### Requirement
Each line, starting at the one with "Welcome to this" and running to the end of the data below, is to be set down again exactly, both ends included; leave pictures out.

### Material provided
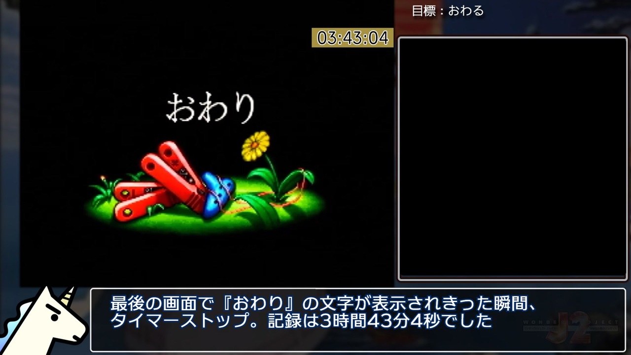 ニンテンドウ64の『ワンダープロジェクトJ2 コルロの森のジョゼット 』のany%RTA、パート8です。<br>2/23で動画投稿を始めて丸2年となりました。いつも応援アリガトナス! 3年目もよろしくオナシャス!<br>今パートは実況少なめです。良いシーンに入れてもノイズになるだけなので。<br><br>完走の感想で話した記事 『スクウェア・エニックスの開発資料を管理する新プロジェクト“SAVE”』<br>→<a href="https://www.famitsu.com/news/202108/25231381.html" target="_blank" rel="noopener nofollow">https://www.famitsu.com/news/202108/25231381.html</a><br><br>J2のチャート&攻略ページ→<a href="https://w.atwiki.jp/nagisa381rta/pages/24.html" target="_blank" rel="noopener nofollow">https://w.atwiki.jp/nagisa381rta/pages/24.html</a><br><br>part.7→<a href="https://www.nicovideo.jp/watch/sm43407322" class="watch">sm43407322</a><br>次作【GB/ファイナルリバース 最後の逆転】→<a href="https://www.nicovideo.jp/watch/sm43528924" class="watch">sm43528924</a>。進捗はTwitter(現:X)@Nagisa381rtaで<br><br>走ったRTAのpart.1まとめ→<a href="https://www.nicovideo.jp/mylist/73222388" target="_blank" rel="noopener">mylist/73222388</a><br>RTA全部まとめ→<a href="https://www.nicovideo.jp/mylist/72786007" target="_blank" rel="noopener">mylist/72786007</a><br><br><u>▽レギュレーション</u><br>タイマー開始:メッセージスピード&バードスピードの画面で『はい』を押した瞬間<br>タイマー終了:エンディングで『終わり』の文字が表示されきった瞬間<br>*今走では連射機は使用していません。ですが腱鞘炎になる(なった)ので使用可とします。<br><br><u>▽縛り(これはレギュレーションに含まない)</u><br>○ジョゼットを故障させずにクリア<br>○できるだけ隠す<br><br>〇Twitter(現:X)→@Nagisa381rta<br><br>〇Youtubeでも活動しているのでチャンネル登録よろしくです<br>→<a href="https://www.youtube.com/channel/UCTNItIdl_gYr9N2j0PO-82g" target="_blank" rel="noopener nofollow">https://www.youtube.com/channel/UCTNItIdl_gYr9N2j0PO-82g</a><br><br>〇欲しいものリスト<br>→<a href="https://www.amazon.jp/hz/wishlist/ls/1S72L30BVRILK?ref_=wl_share" target="_blank" rel="noopener nofollow">https://www.amazon.jp/hz/wishlist/ls/1S72L30BVRILK?ref_=wl_share</a><br><br>〇今までの調査結果や攻略法をまとめた個人wiki(矛盾)を作りました<br>→<a href="https://w.atwiki.jp/nagisa381rta/" target="_blank" rel="noopener nofollow">https://w.atwiki.jp/nagisa381rta/</a><br><br>――――――――――――権利表記――――――――――――<br>© SQUARE ENIX<br>
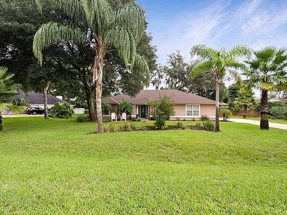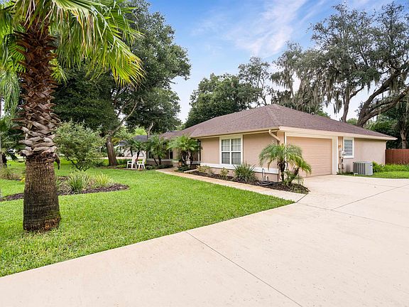 Welcome to this charming 4-bedroom, 2-bathroom home, featuring a beautiful screened-in pool and a spacious patio area, perfect for outdoor relaxation or entertaining. Situated on a generous half-acre lot, this property offers plenty of space and privacy for your family. The oversized garage provides ample storage, ensuring convenience and functionality in a peaceful and welcoming neighborhood. Ideal for both comfortable living and enjoying Florida’s sunny lifestyle! Step inside to find a welcoming, open-concept layout with plenty of natural light. The spacious living room flows into the kitchen, making it perfect for family gatherings and entertaining guests. The kitchen is equipped with ample counter space, and a convenient breakfast bar. The primary bedroom offers an en-suite bathroom with a large jetted tub and separate shower. While the additional bedrooms are generously sized, providing comfort for family members or guests. With a separate laundry area, making household chores more manageable. New roof in 2020. AC 2014.
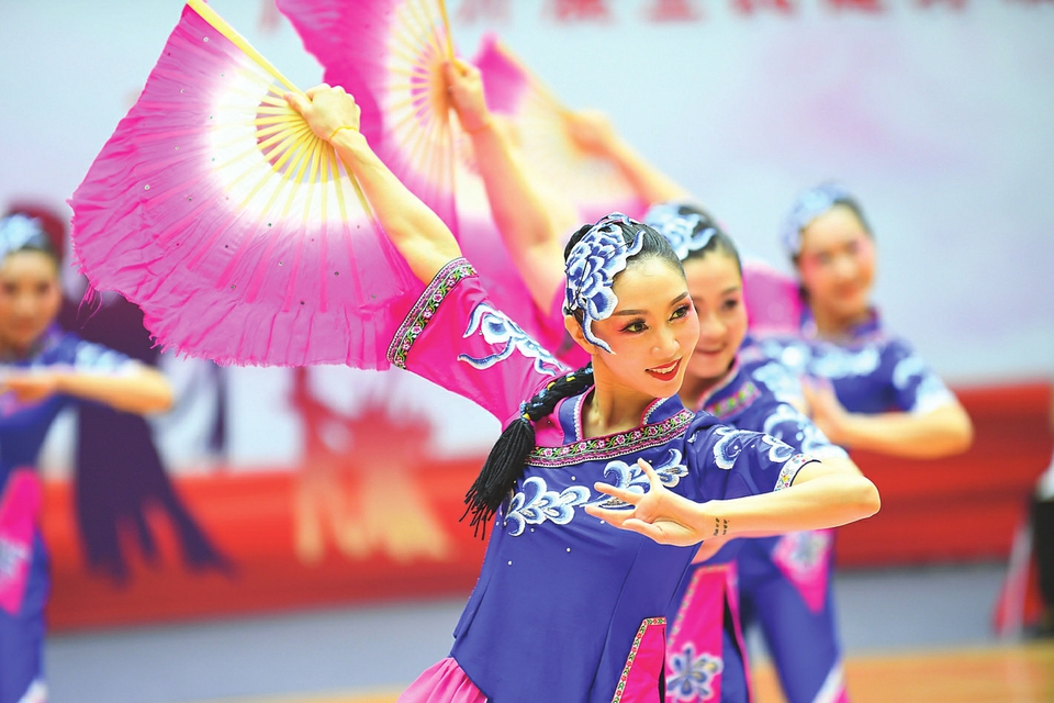 進(jìn)入決賽的健身秧歌代表隊(duì)正在表演。

### Written solution
 Welcome to this charming 4-bedroom, 2-bathroom home, featuring a beautiful screened-in pool and a spacious patio area, perfect for outdoor relaxation or entertaining. Situated on a generous half-acre lot, this property offers plenty of space and privacy for your family. The oversized garage provides ample storage, ensuring convenience and functionality in a peaceful and welcoming neighborhood. Ideal for both comfortable living and enjoying Florida’s sunny lifestyle! Step inside to find a welcoming, open-concept layout with plenty of natural light. The spacious living room flows into the kitchen, making it perfect for family gatherings and entertaining guests. The kitchen is equipped with ample counter space, and a convenient breakfast bar. The primary bedroom offers an en-suite bathroom with a large jetted tub and separate shower. While the additional bedrooms are generously sized, providing comfort for family members or guests. With a separate laundry area, making household chores more manageable. New roof in 2020. AC 2014.
 進(jìn)入決賽的健身秧歌代表隊(duì)正在表演。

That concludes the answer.